Doña Adelina, vecina de los Prieto, es una enlutada y sonriente anciana de sonrosadas mejillas. Está sentada a la puerta de su casa, en su silla de enea, con su labor de bordado, que guarda en un escriño.

─ Todos los de tu familia han sido buenos para eso del estudio. Te veo que andas al campo con el Polaco. Es un buen hombre. Necesita compañía. Aprenderás cosas…

─ ¿Por qué le llaman el Polaco, doña Adelina?

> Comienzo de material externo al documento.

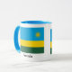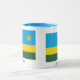 The flag of Rwanda was adopted on October 25, 2001. The flag has four colours: blue, green, and two forms of yellow (standard yellow for the middle band and what the Pantone system calls "sun yellow" for the sun). The blue band represents happiness and peace, the yellow band symbolizes economic development, and the green band symbolizes the hope of prosperity. The sun represents enlightenment.[2] The new flag represents national unity, respect for work, heroism, and confidence in the future. It was adopted to avoid connotations to the 1994 genocide.
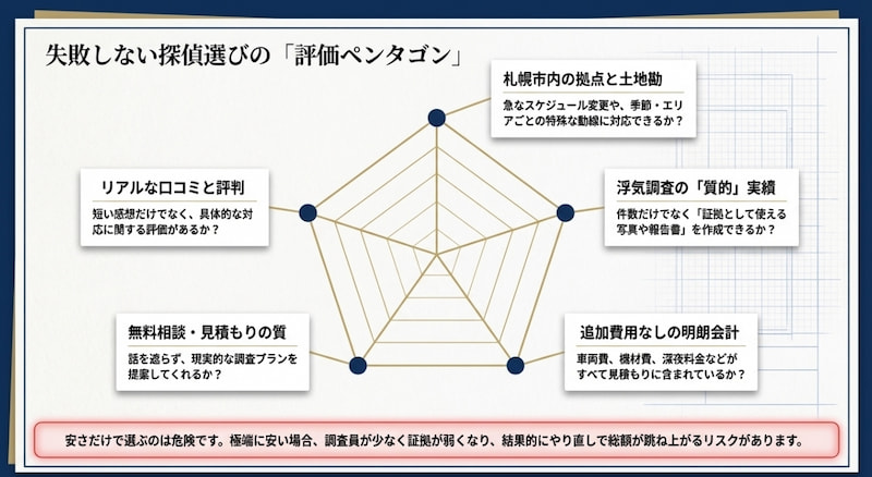 札幌で浮気調査を考えるなら、まずは「土地勘」「実績」「料金の明確さ」「相談のしやすさ」「評判」の5点で比較すると、失敗しにくくなります。
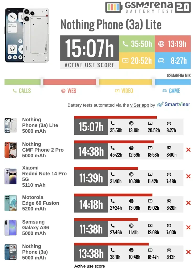 گوشی هوشمند Nothing Phone (3a) Lite با یک باتری ۵۰۰۰ میلیآمپرساعتی وارد میدان شده است. نتایج تستهای تخصصی نشان میدهد که این گوشی با کسب امتیاز «استفاده فعال» ۱۵ ساعته، عملکردی بسیار قابلاطمینان و مطلوب از خود به نمایش گذاشته است.
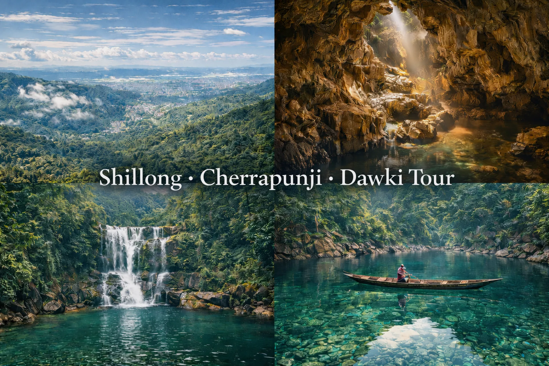 The Shillong Cherrapunji Dawki tour is a classic Meghalaya sightseeing itinerary designed for first-time visitors to the region. Covering the most popular destinations in the state, the tour includes hill town experiences in Shillong, waterfalls and viewpoints around Cherrapunji, and a visit to Dawki's crystal-clear Umngot River. The itinerary is paced comfortably, allowing travelers to enjoy Meghalaya's natural beauty without long or rushed travel days. This tour is ideal for travelers looking for a well-rounded introduction to Meghalaya's landscapes, culture and scenic highlights.
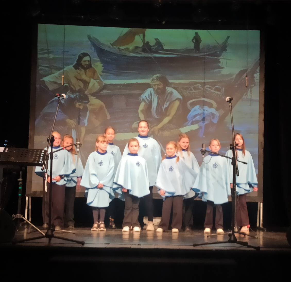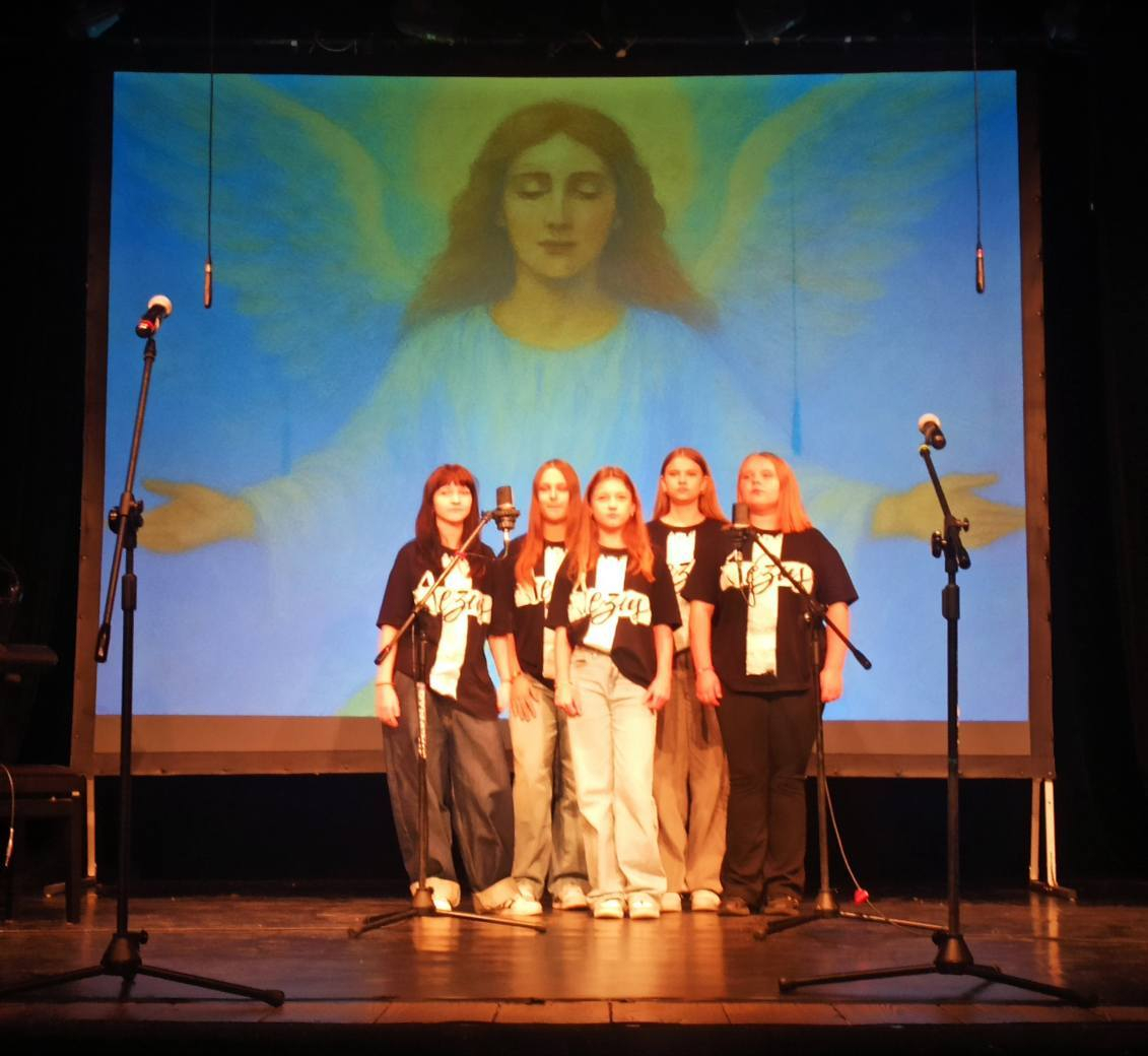 Pod opieką p.Renaty Matyli, zespół kl.II-IV zaśpiewał: "Jestem rybakiem Pana", a zespół kl.VI-VIII " Bo świat, to my".
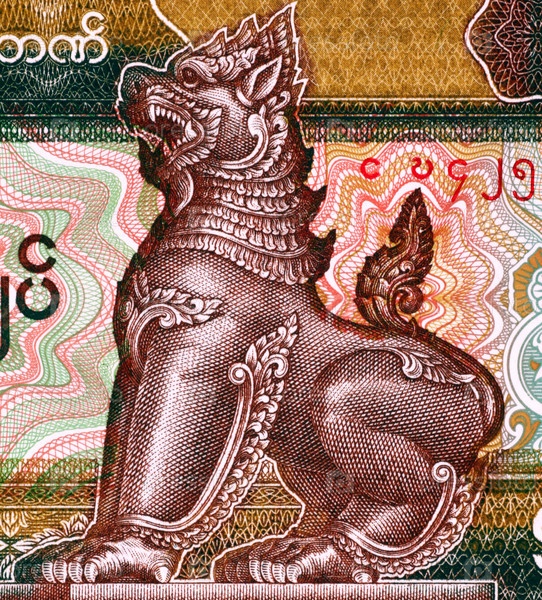 Скульптура льва на купюре 50 кьятов 1994 года из Мьянмы

─ Uy, hijo, eso es largo de contar. Si te sientas te cuento lo que yo sé. Saca una silla de casa o aquí, en el poyo, donde prefieras. Mira, cuando yo era niña aún íbamos al filandón, en invierno, cuando había poca tarea, en las casas que tenían cocinas grandes, hilábamos, oíamos a los viejos, y sobre todo mirábamos de reojo al mocerío, a ver cuál nos miraba o cuál nos gustaba. Pues por entonces aún se hablaba y se contaban historias de tiempos de la francesada. Cuentos de esos que van de generación en generación. Yo poco fui a la escuela, bueno, lo que todos los del pueblo. Para estudiar más había que salir, como hizo tu abuelo Isaac, y para eso hacían falta posibles, campo y yuntas para ararlo. Pero siempre he tenido curiosidad, y he leído lo que ha caído en mis manos. En casa hay libros, mi abuelo fue maestro, y los he leído todos. Ya sabes que ingleses y franceses anduvieron por aquí persiguiéndose, matando gente, violentando mujeres, robando y quemando casas y cosechas. Para las gentes de aquí ninguno fue bueno, y eso que los ingleses eran de los nuestros, dicen. Eso sucedió allá por 1808 y 1809, ahí es nada, siete generaciones, más o menos. Con los franceses vinieron polacos, de caballería creo que eran. Pues se cuenta que uno de esos polacos, herido, se refugió, aquí, en un corral del pueblo. Una mujer lo encontró, lo curo y escondió. Y aquí se quedó, amagado en las faldas de aquella mujer. Seguramente hastiado de guerras y barbaridades, y sin nadie que le esperase en su tierra lejana. Pues esa pareja tuvo hijos y nietos que siempre han sido los Polacos. El último es tu amigo Atalo, un hombre al que ha perseguido la desgracia. No sé de otro, con él se acaban los Polacos.





─ Pues sí, Pablo, sí, he conocido gente buena. En el penal del Dueso conocí a un hombre al que debo lo poco que sé. Mi querido don Prisciliano. Pasé muchos años a su lado. Murió, no sé cómo, unos meses antes de salir yo del penal. Un día no lo encontré en la biblioteca. Pregunté. Se limitaron a decirme que había muerto, sin darme explicaciones. Había sido profesor de filosofía, debió de ser su delito. Abrió mi mente a realidades que me hicieron posible soportar aquello. Y sobre todo me enseñó a saber vivir sin rencor. En casa tengo su retrato, como en un ara. No tengo objetos familiares, esas cosas que nos unen al pasado. Todo desapareció durante mi estancia en la cárcel y tras la muerte de mi mujer. Tengo solo la foto y los libros de don Prisciliano. Miento, tengo también la foto de mi mujer y la de mis padres, las que llevaba en la cartera y no me quitaron en la cárcel. Y tengo este reloj, mira, lo he llevado siempre encima. Me lo dio mi padre, me dijo que era del lejano abuelo polaco que nos puso mote para siempre. Es asombroso, tiene más de siglo y medio y sigue andando, mira. Yo soy el último Polaco que puede llevar el reloj.  Toma, he pensado que nadie mejor que tú para seguir llevándolo. Cuéntales a tus hijos esta historia.